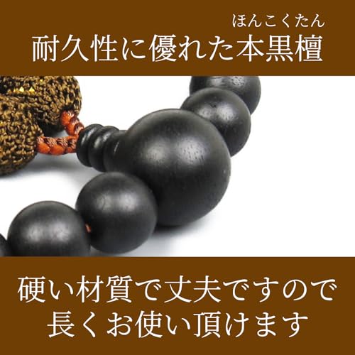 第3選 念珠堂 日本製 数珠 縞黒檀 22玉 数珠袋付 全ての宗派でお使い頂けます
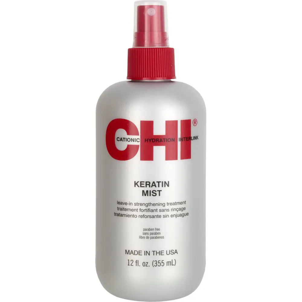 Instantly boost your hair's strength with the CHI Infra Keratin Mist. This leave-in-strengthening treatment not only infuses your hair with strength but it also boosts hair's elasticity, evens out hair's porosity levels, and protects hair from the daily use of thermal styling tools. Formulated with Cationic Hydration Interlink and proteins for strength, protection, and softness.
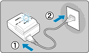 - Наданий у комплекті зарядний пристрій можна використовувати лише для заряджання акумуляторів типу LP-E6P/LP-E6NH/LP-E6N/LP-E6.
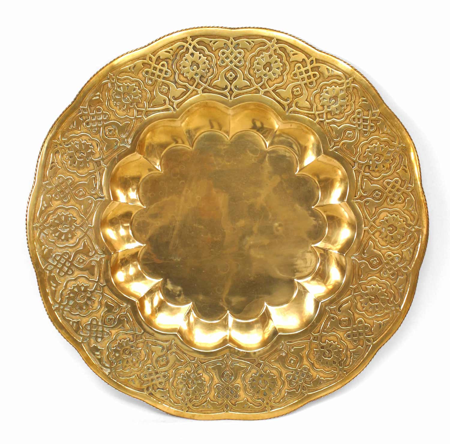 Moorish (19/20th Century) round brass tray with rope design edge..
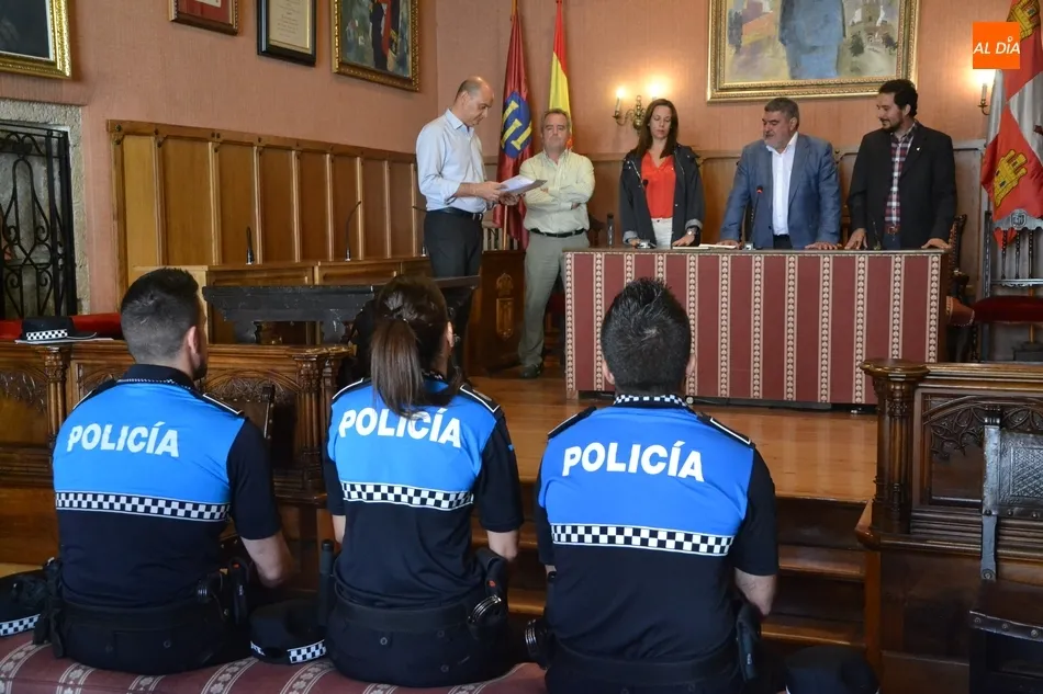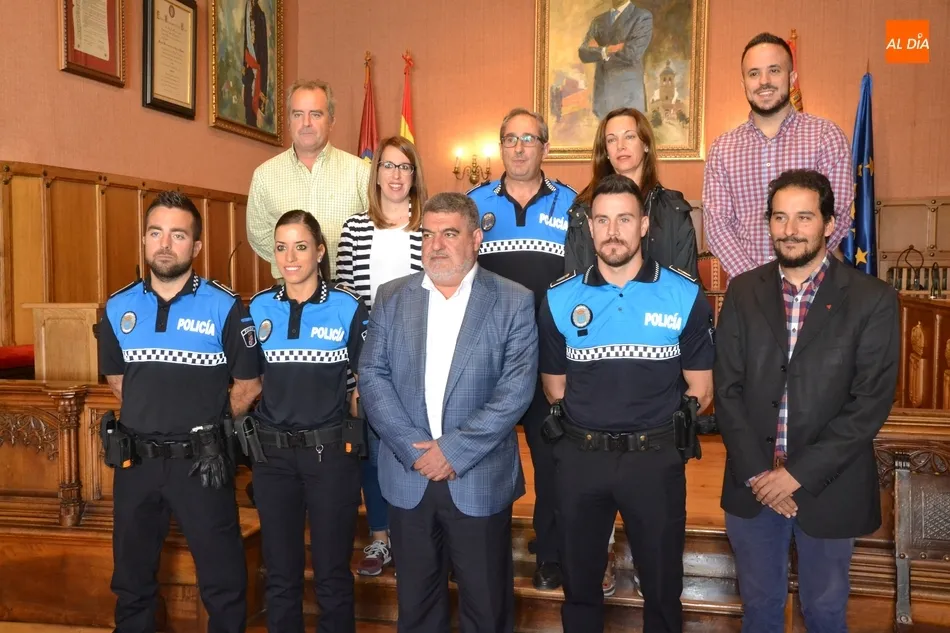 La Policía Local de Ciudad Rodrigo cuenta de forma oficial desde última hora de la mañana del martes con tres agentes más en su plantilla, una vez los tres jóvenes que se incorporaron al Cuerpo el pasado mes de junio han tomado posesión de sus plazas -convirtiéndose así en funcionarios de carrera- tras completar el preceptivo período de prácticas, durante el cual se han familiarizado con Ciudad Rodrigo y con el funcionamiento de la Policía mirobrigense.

....

TASK BRIEF. Reproduce exactly, without any picture, the lines from the one bearing "Instantly boost your" to the last line of the records above.

ANSWER TO THIS TASK.
 Instantly boost your hair's strength with the CHI Infra Keratin Mist. This leave-in-strengthening treatment not only infuses your hair with strength but it also boosts hair's elasticity, evens out hair's porosity levels, and protects hair from the daily use of thermal styling tools. Formulated with Cationic Hydration Interlink and proteins for strength, protection, and softness.
 - Наданий у комплекті зарядний пристрій можна використовувати лише для заряджання акумуляторів типу LP-E6P/LP-E6NH/LP-E6N/LP-E6.
 Moorish (19/20th Century) round brass tray with rope design edge..
 La Policía Local de Ciudad Rodrigo cuenta de forma oficial desde última hora de la mañana del martes con tres agentes más en su plantilla, una vez los tres jóvenes que se incorporaron al Cuerpo el pasado mes de junio han tomado posesión de sus plazas -convirtiéndose así en funcionarios de carrera- tras completar el preceptivo período de prácticas, durante el cual se han familiarizado con Ciudad Rodrigo y con el funcionamiento de la Policía mirobrigense.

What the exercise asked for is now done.